● RECORD EXTRACTS
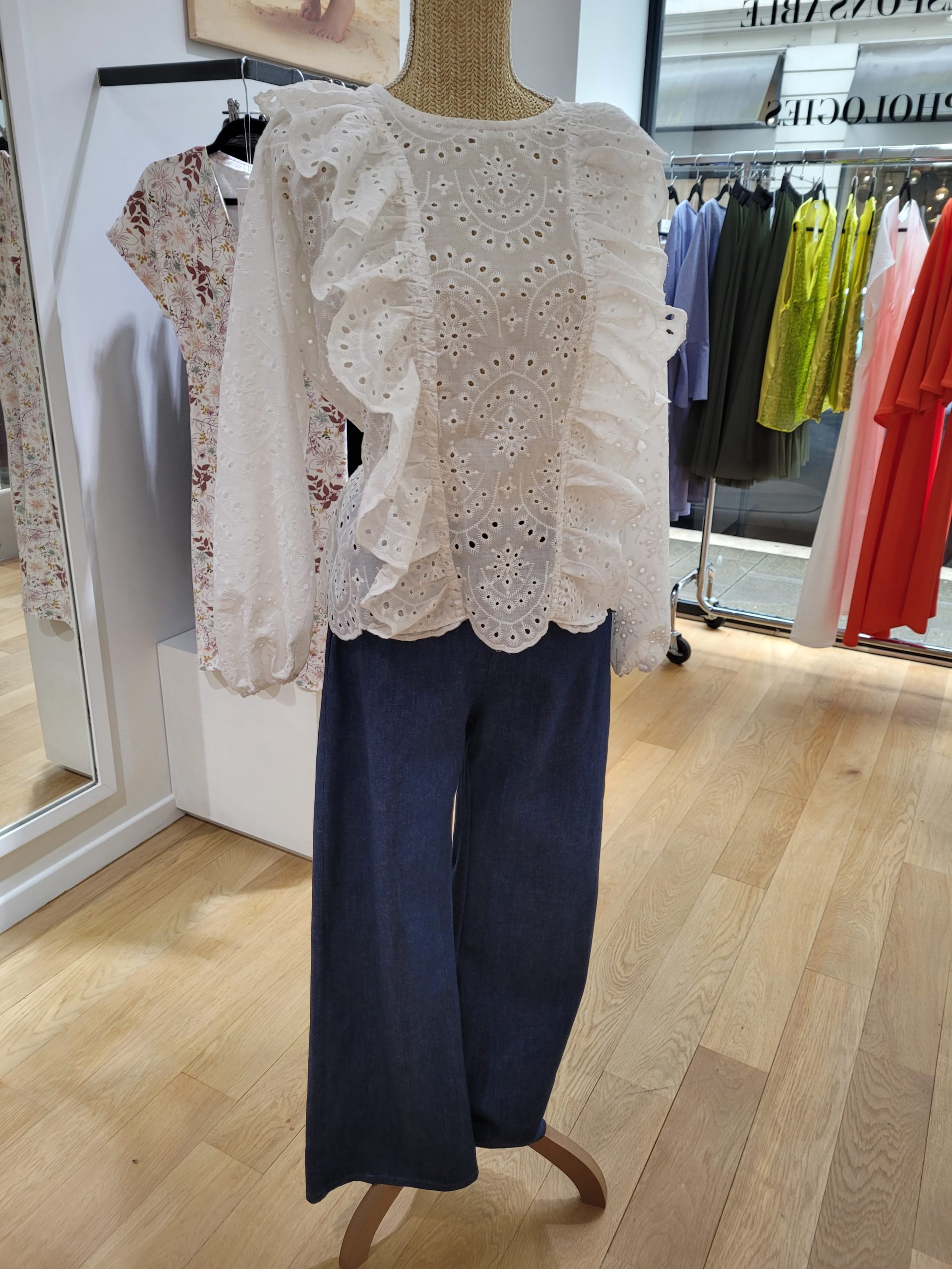 - De très beaux volants festonnés, de même que le bas de la blouse
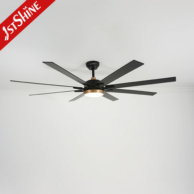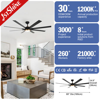 65 " বড় সিলিং ফ্যান ম্যাট কালো 8 এমডিএফ ব্লেড ডিসি মোটর LED সিলিং ফ্যান রিমোট কন্ট্রোল সহ
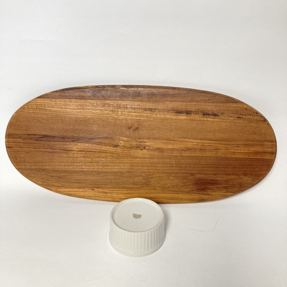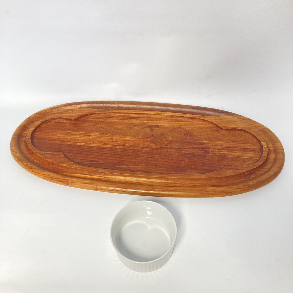 Vtg DANSK JENS QUISTGARRD MCM Large Oval TEAK WOOD Serving Tray Cracker & Cheese Charcuterie Dip Good vintage condition, has wear consistant with age and use. Comes with one bowl Measures 22" long and 10" wide Nice retro piece!
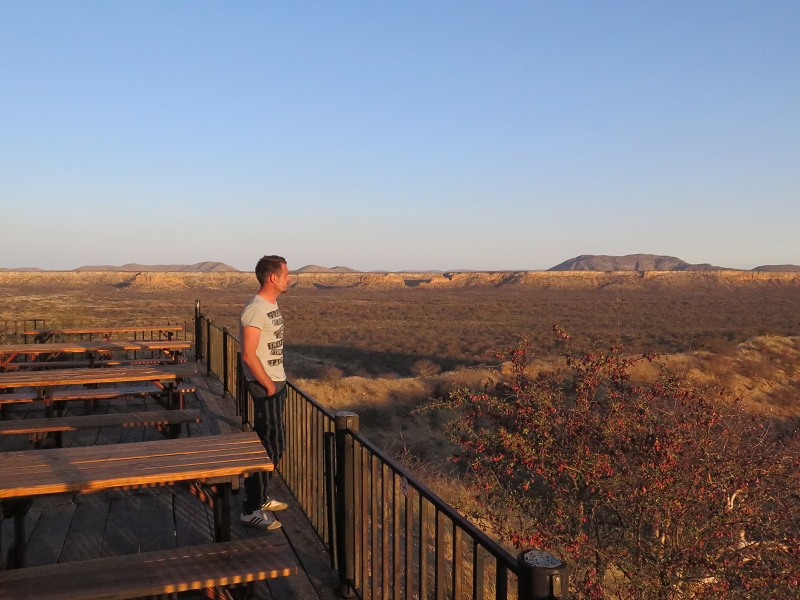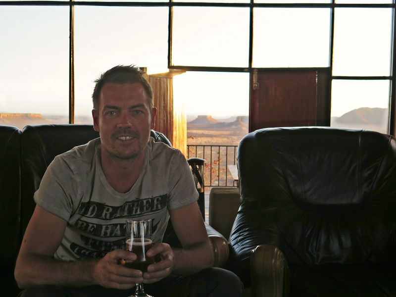 Aufgrund des Windes beschließen wir, uns einen Sundowner und das Abendessen in der Lodge hoch oben auf dem Hügel (klar, die billigen Campsites sind natürlich unten) zu genehmigen. Dort genießen wir einen sensationellen Sonnenuntergang mit Blick auf die Ugab Terrassen.
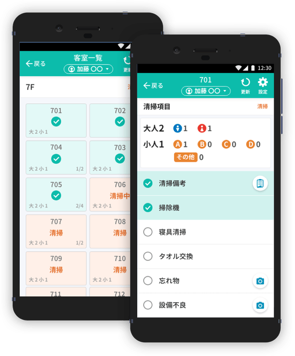 ・清掃スタッフのスマートフォン画面でお客様のチェックアウトやアメニティの数が部屋ごとに確認可能
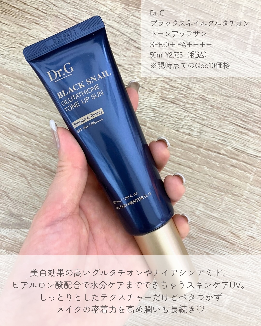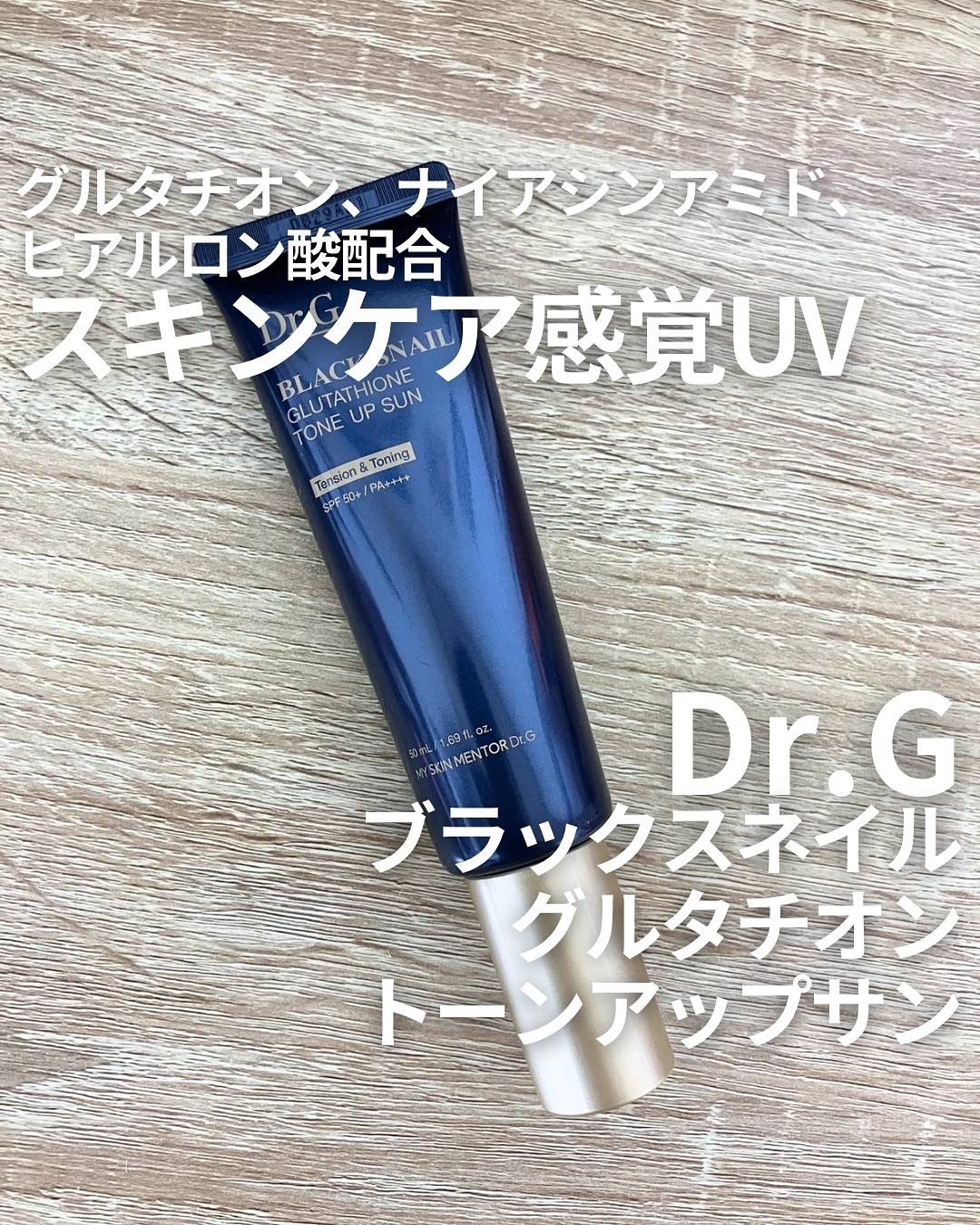 Dr.G独自成分ブラックスネイルにグルタチオン、ナイアシンアミドを配合の化粧下地。 伸びのいいクリームでみずみずしい塗り心地でほんのりトーンアップもするよ! SPF50+PA++++
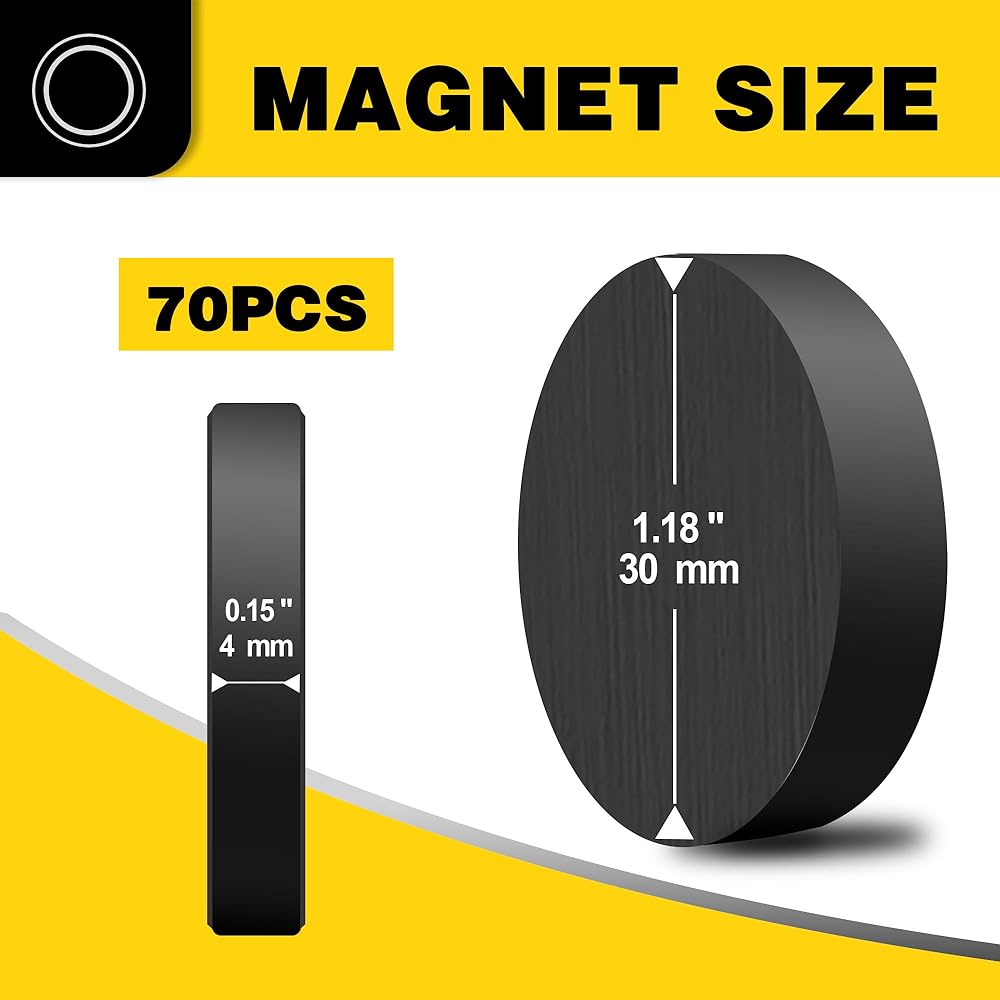 70PCS Round Ceramic Magnets: This pack includes 70pcs qualified round ceramic magnets, boasting an impressive magnetic strength for various applications. Each magnet measures 30mm (1.18") in diameter and 4mm (0.15") in thickness.
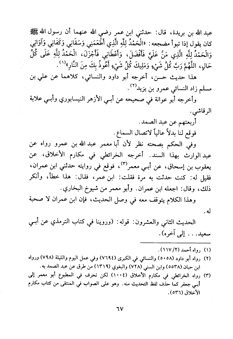 وفي الحكم بصحته نظر لأن أبا معمر عبد الله بن عمرو رواه عن عبد الوارث بهذا السند. أخرجه الخرائطي في مكارم الأخلاق، عن يعقوب بن إسحاق، عن أبي معمر، فوقع في روايته حدثني ابن عمران، فقيل له: كنت حدثت به مرة فقلت: ابن عمر، فقال: هذا خطأ، وأنكر ذلك، وقال: اجعله ابن عمران. وأبو معمر من شيوخ البخاري.

● TASK STATEMENT
Retype the records above word for word, from their first line through the line containing "রিমোট কন্ট্রোল সহ", and leave out every picture.

● THE COMPLETED TASK
 - De très beaux volants festonnés, de même que le bas de la blouse
 65 " বড় সিলিং ফ্যান ম্যাট কালো 8 এমডিএফ ব্লেড ডিসি মোটর LED সিলিং ফ্যান রিমোট কন্ট্রোল সহ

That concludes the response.